Total RNA was extracted from cells using TRIzol reagent (Thermo Fisher Scientific, Inc.). The cDNA was synthesized using Superscript II reverse transcriptase (Thermo Fisher Scientific, Inc.). qPCR was performed using IQ SYRB Green Supermix and an iCycleriQTX detection system (Bio-Rad Laboratories, Inc., Hercules, CA, USA). The following thermocycling conditions were maintained: Denaturing at 95°C for 20 sec; annealing at 58°C for 30 sec; and extension at 72°C for 30 sec (43 cycles). All signals were normalized against GAPDH and the 2−∆∆Cq method was used to quantify the fold change (12). The primers used were as follows: FASN forward, 5′-GGTCTTGAGAGATGGCTTGC-3′ and reverse, 5′-AATTGGCAAAGCCGTAGTTG-3′; PKM2 forward, 5′-TCGCATGCAGCACCTGATT-3′ and reverse, 5′-CCTCGAATAGCTGCAAGTGGTA-3′; and GAPDH forward, 5′-ACCCACTCCTCCACCTTTGAC-3′ and reverse, 5′-TGTTGCTGTAGCCAAATTCGTT-3′.

RNA interference

Lentivirus-based control and gene-specific short hairpin RNAs (shRNAs) were purchased from Sigma-Aldrich (Merck KGaA).

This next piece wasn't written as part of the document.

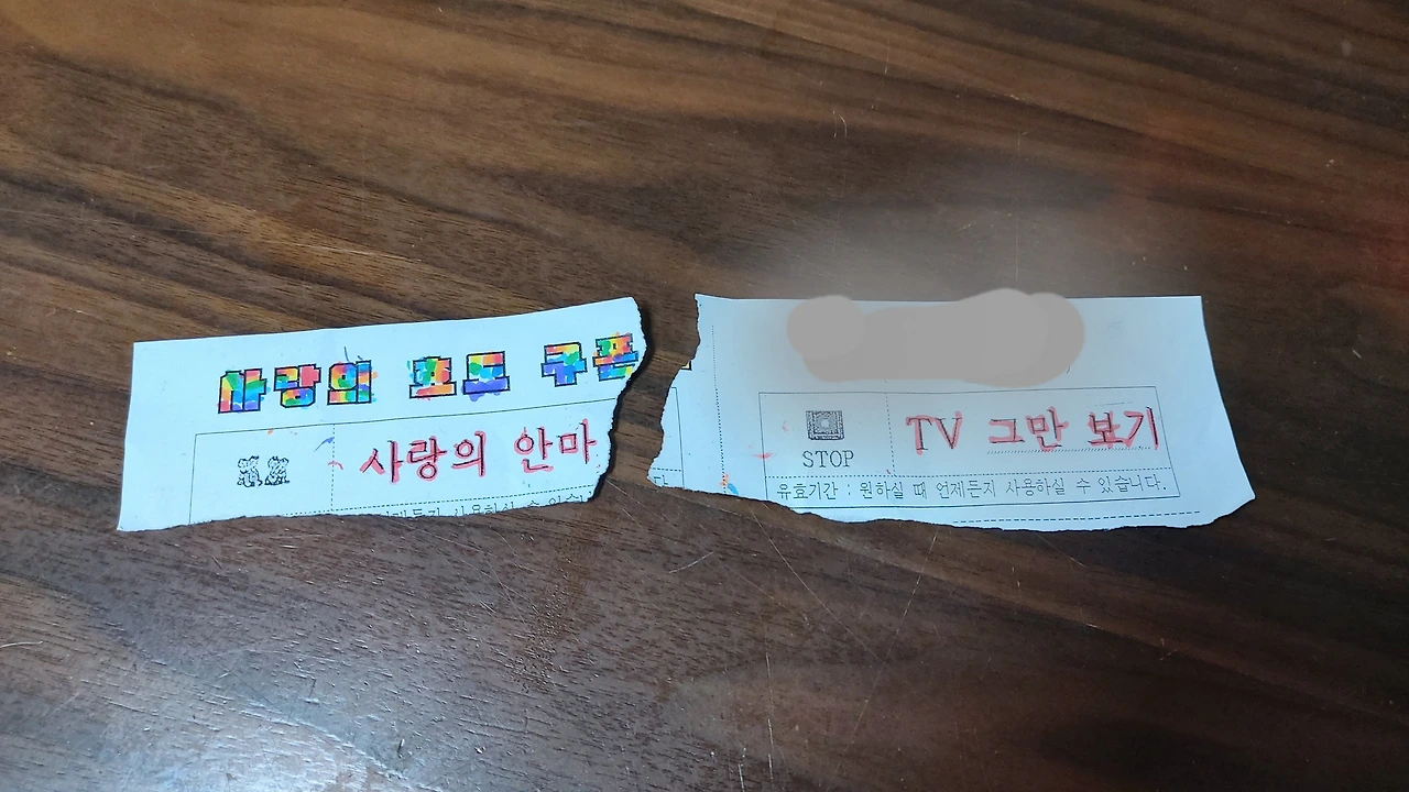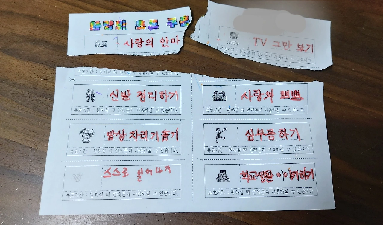 하기 싫어서 찢어버린 쿠폰 (2장)

Transfections were performed using Lipofectamine 2000 (Thermo Fisher Scientific, Inc.). A total of 2 µg of gene-specific shRNA or shNT (control) were transfected into 293T cells (5×105 cells). After 48 h transfection, the cultured medium of 293T cells was collected and applied to pancreatic cancer cells. Pancreatic cancer cells were cultured in 5% CO2, at 37°C for 48 h, followed by puromycin (0.75 µg/ml; Sigma-Aldrich; Merck KGaA) selection. Cells were collected 72 h post-transfection. The knockdown efficiency was confirmed through western blotting or PCR using the aforementioned method. shRNA sequences were as follows: shFASN#1, CCGGCCTACTGGATGCGTTCTTCAACTCGAGTTGAAGAACGCATCCAGTAGGTTTTTG; shFASN#2, CCGGGCTGCTAGATGTAGGTGTTAGCTCGAGCTAACACCTACATCTAGCAGCTTTTTG; ShPKM2#1, CCGGCTTTCCTGTGTGTACTCTGTCCTCGAGGACAGAGTACAC ACAGGAAAGTTTTTTG; shPKM2#2, CCGGGTTCGGAGGTTTGATGAAATCCTCGAGGATTTCATCAAACCTCCGAACTTTTTTG.

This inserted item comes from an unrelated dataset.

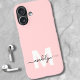 Personalisiert Blush Pink Initial Monogram Phone Case. Fügen Sie Ihrem Handy eine Touch von Eleganz und Weiblichkeit mit diesem stilvollen personalisierten Gehäuse hinzu. Dieses Design mit einem weichen, rosa Hintergrund, einem knusprigen weißen Anfangsbuchstaben und einem schwarzen Skriptnamen verleiht Ihrem Alltagszubehör einen luxuriösen, modernen Look. Ideal für Schwestern, Studierende oder Fachleute, ist dieser Handy-Fall ein durchdachtes Geschenk für Mütter, Freunde oder alle, die schicke und personalisierte Gegenstände Lieben. Ideal für Geburtstage, Ferien oder besondere Anlässe, ist es eine schöne Kombination aus Eleganz und Praxisnähe, die den Stil Ihres Telefons erhöht.

Measurements of glucose consumption and lactate production

Culturing medium was collected 24 h after plasmid transfection or 48 h after lentivirus infection to allow for the measurement of glucose and lactate concentrations. Glucose levels were determined using a Glucose (GO) assay kit (Sigma-Aldrich; Merck KGaA). Glucose consumption was defined as the difference between the glucose concentration in fresh medium and collected medium. Lactate levels were determined using a Lactate assay kit (Eton Bioscience, Inc., San Diego, CA, USA). The optical densities were measured at a wavelength of 570 nm in Molecular Devices Spectramax 190 microplate reader (Marshall Scientific, Hampton, NH, USA).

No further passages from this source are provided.